The Coriander has loved its location but is flowering like billyo now - I may save the seeds. The sweet peppers are coming along nicely as well - I have half a dozen decent sized green peppers but I don't like them green so even though I could pick and eat them now, I'm going to wait until they turn red.

The tomato plants are rampant but I have a horrible feeling there may be some blight there - there were fruits with tell-tale brown marking on the top. The brassicas are doing well, especially as I spend about an hour each visit just picking off the dang caterpillers. The green leafy growth coming out of the parsnips is just vast - I'm a bit concerned they're going to be huge and woody by the time I come to eat them, and I wanted to have them over winter rather than in the autumn. Is a puzzlement.

Friday, 25 July 2008

My First Cucumber!!!

Ladeez and Gennelmen - it gives me great pleasure, and no small amount of pride, to be able to introduce to you, my very first ever homegrown cucumber [drumroll]

Ta-Dah!! I decided that today was the day that the cucumber was big enough to be harvested and to commemorate the occasion, I've taken a couple of photographs so I can remember what it looked like after I've eaten it. So, for example, here it is reclining gently on the handrail of the bridge that leads to my garden.

Then I decided it did need something to compare it with so that you, gentle reader, might have some idea of the humungous size it had achieved, so here it is, sitting next to Sylvester, our slightly-
larger-than-
average cat who just happened to be there at the time I had the camera in my hand so was roped in to act as a ruler.

I also noticed at the plopment today that the tassels have started appearing on my developing sweetcorn cobs, so that means I have to start watering them all from now until harvesting. And one or two of the Broad Bean plants have started putting out shoots from the base - I dunno what that's all about but I'm inclined to leave them to see what happens, and if I get extra additional unexpected bonus beans, then so much the better!

I put in a few more Winter Spinach plants, so there's seven gone in now where some Pentland Javelin spuds have come out, and I think I'm going to investigate sowing Spring Cabbage for overwintering, to be eaten next May or thereabouts. Oh, and I must just tell you, we ate those gnarly carrots last night and the taste was almost overpowering!! It was like eating solid Essence of Carrot - intense wasn't the word. I've never eaten homegrown carrots fresh out of the ground before and it was just astonishing, frankly.
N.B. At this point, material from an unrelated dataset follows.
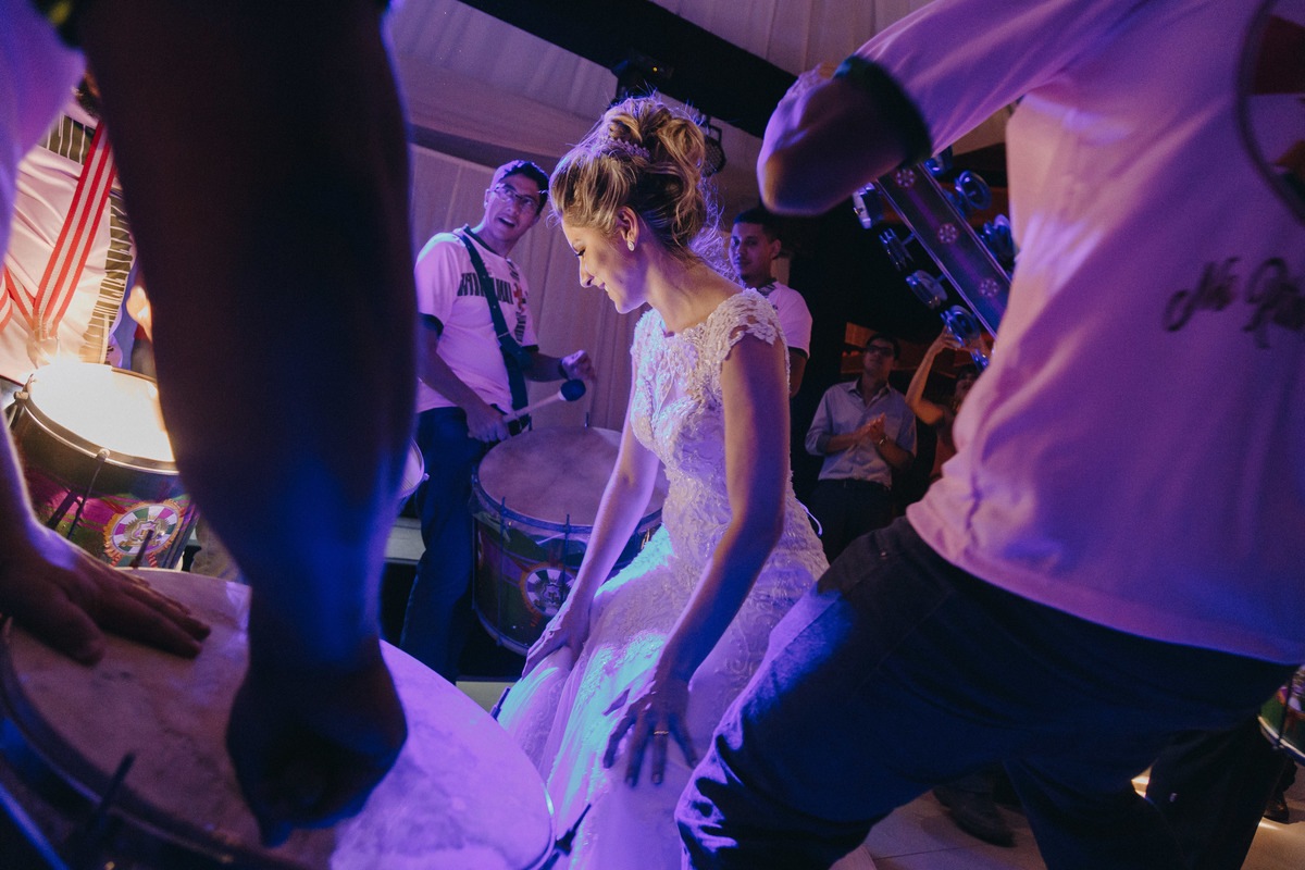 Partilhando da mesma ideia, quando começamos organizar nossa festa, entramos em contato com uma escola de samba da região onde nos casamos e fechamos o contrato para que também fosse um atrativo especial na nossa noite! Eles já tinham experiência de se apresentarem em casamentos. Chegamos a pensar em tocar algum instrumento junto com a bateria, mas infelizmente não conseguimos organizar nossas atividades para ensaiar, uma vez que morávamos um pouco distante. De qualquer modo, mesmo que só "na palma da mão", quando a batucada começou na parte final da festa o resultado não poderia ter sido diferente: coroou uma noite incrível levando muita alegria e entrosamento entre os convidados, que dividiam tamanha felicidade ao nosso lado!" - Thamiris.

So I'm definitely sowing more of those babies, you betcha!

Finally, by way of a change, I caught my 2.5 cats sitting companionably on the bridge this afternoon and, as it so rarely happens, I took a picture and am posting it here for your delectation. The black cat is Damian, my 0.5 boy - he spends half his time with us and the rest at his other house, 3 doors down. Then in the middle being sociable and facing the camera is Sylvester, and finally, closest to us but facing away is Pepper. They all say 'hello', by the way.

Thursday, 10 July 2008

It's NOT a monsoon, okay?

According to the BBC, yesterday's downpour was absolutely not a monsoon although, apparently, some of the more populist newspapers were calling it such. According to The People Who Know About These Sort Of Things (i.e., proper scientists), 'monsoons' only occur in the Indian Subcontinent and although, as in this case, the term is frequently misused to describe heavy rain, it actually refers to the seasonal reversal of wind direction. So all we had was a month's worth of rain in one 24 hour period. And, boy, didn't it feel like it?!
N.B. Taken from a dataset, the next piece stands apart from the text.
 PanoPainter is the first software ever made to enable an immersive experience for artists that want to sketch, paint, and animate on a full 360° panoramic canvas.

I decided that I really ought to check out the plopment and see if everything was still there. I haven't been posting much because, frankly, I don't think it's all that interesting for you guys to read that I cut some lettuce for my tea, did some weeding and decided to stake my tomatoes as they were getting a bit tall and being blown over by the wind at our exposed site. But an update is a bit overdue.

I went down to the site for a couple of hours today just after lunch and, thankfully, everything was still there and thriving happily, so let me put up some piccies:

First off, here are the tomatoes which, as you can see, have now been staked! These eleven plants were given to me by a friend who didn't know what they were (other than tomatoes), i.e., whether they were bush or ... er ... the other kind (what are they called? you know, the ones that grow tall?) Anyway, I stuck them in the ground, did that business of removing the side shoots (when I remembered) and they seem to be happy enough. There are flowers and everything now. When the fruits start forming, I'll have to remember to start feeding them. After taking this picture I weeded out the encroaching couch grass that you can see at the bottom of the picture - b***** stuff....

Growing just behind the tomatoes are my outdoor indoor cucumbers. These are Telegraph cucumber plants which are, ideally, meant to be grown indoors but I'm trying them outdoors and I'm surprised at how well they're doing. They've thoroughly enjoyed the recent wet weather and there are a handful of little baby cucumbers coming along on both plants. I had to tie them further up the bamboo poles so that they don't trail on the ground and the plants and stems are really hairy and feel like they should sting but don't - bizarre. You can also see one of the cucumbers coming along nicely.

The onions are doing very well although apparently there's been an outbreak of Downy Mildew on some plots further up the site. I had a look at mine today and I'm not sure if they've contracted this or not. I'll need to keep a close eye on them because I'm very proud of my onions this year. The close up picture shows how large they've grown in comparison to an ordinary trowel. I think I'm going to have to start harvesting some soon...


So, what next? I'm growing Climbing French Beans (var: Cobra) up poles this year (I prefer french beans to runners which get stringy) and even though most of the plants are nowhere near the top of the poles yet, I've started harvesting some damn fine looking beans. Last year, before I had the plopment, and for several years before I had been growing French Beans in a couple of huge pots at home and last year had barely a pound of beans from them in total all summer. I think I've picked around a pound of beans just today so this all bodes well! Yum!

Just at the bottom right of the bean plant picture, you can see the Red Cabbages, so here's a better picture of the six biggest ones. I have some others growing in the brassica patch but they're much smaller so should mature a bit later in the year.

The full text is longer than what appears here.